* DATA EXTRACT *
------------------------------------
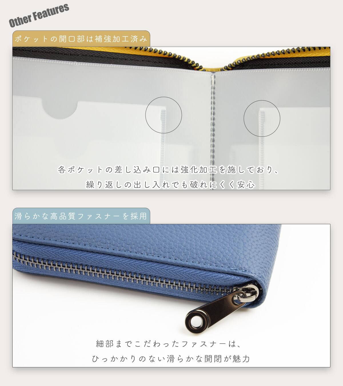 カードポケットは両面収納で、従来商品よりも2倍の収納力を備えました。
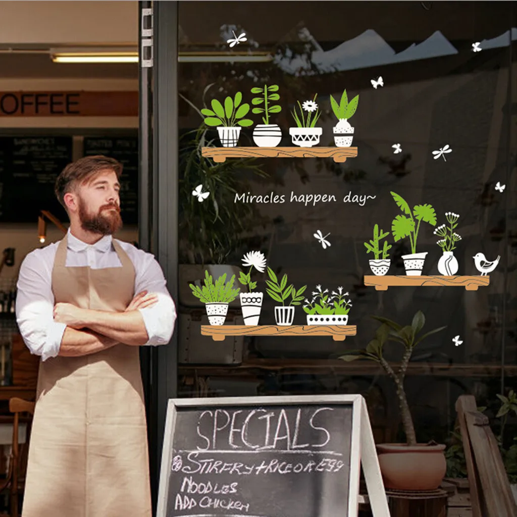 Растения в горшке магазин стеклянные двери кафе украшения настенные наклейки
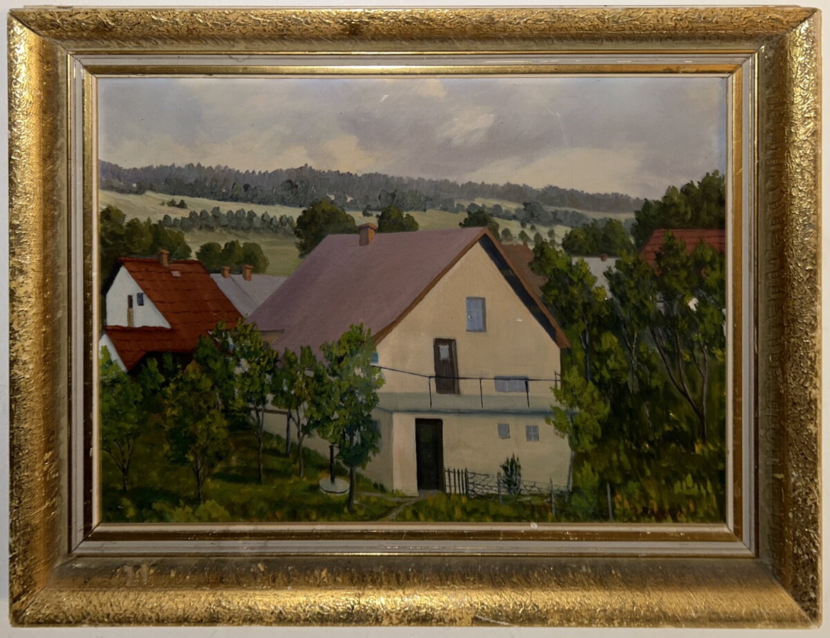 Obraz - Domy pod kopcem. Signován vpravo dole - viz foto. Autorem je malíř Beneš.
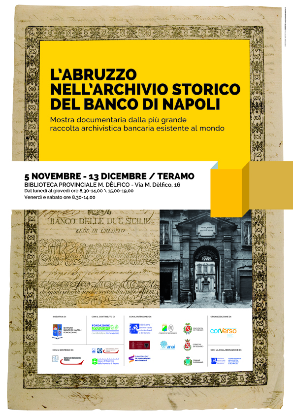 L’Associazione Culturale ConVerso organizza la mostra: “A Teramo, abbiamo scelto la Biblioteca M. Dèlfico per avvicinare il pubblico dei più giovani, degli studenti di tutte le età. Scopo della mostra è quello di promuovere l’Archivio Storico dell’Istituto Banco di Napoli – Fondazione nei confronti di studenti, storici, ricercatori e di tutti coloro che vogliono scoprire, attraverso i documenti, le interessanti vicende che hanno riguardato l’Abruzzo nel passato”, afferma la presidente Anna Ricciutelli.
------------------------------------
* YOUR TASK *
From the line that contains "Растения в горшке" to the final line of the material, write out each line exactly. Pictures stay out.

* OUTPUT FOR THIS EXERCISE *
 Растения в горшке магазин стеклянные двери кафе украшения настенные наклейки
 Obraz - Domy pod kopcem. Signován vpravo dole - viz foto. Autorem je malíř Beneš.
 L’Associazione Culturale ConVerso organizza la mostra: “A Teramo, abbiamo scelto la Biblioteca M. Dèlfico per avvicinare il pubblico dei più giovani, degli studenti di tutte le età. Scopo della mostra è quello di promuovere l’Archivio Storico dell’Istituto Banco di Napoli – Fondazione nei confronti di studenti, storici, ricercatori e di tutti coloro che vogliono scoprire, attraverso i documenti, le interessanti vicende che hanno riguardato l’Abruzzo nel passato”, afferma la presidente Anna Ricciutelli.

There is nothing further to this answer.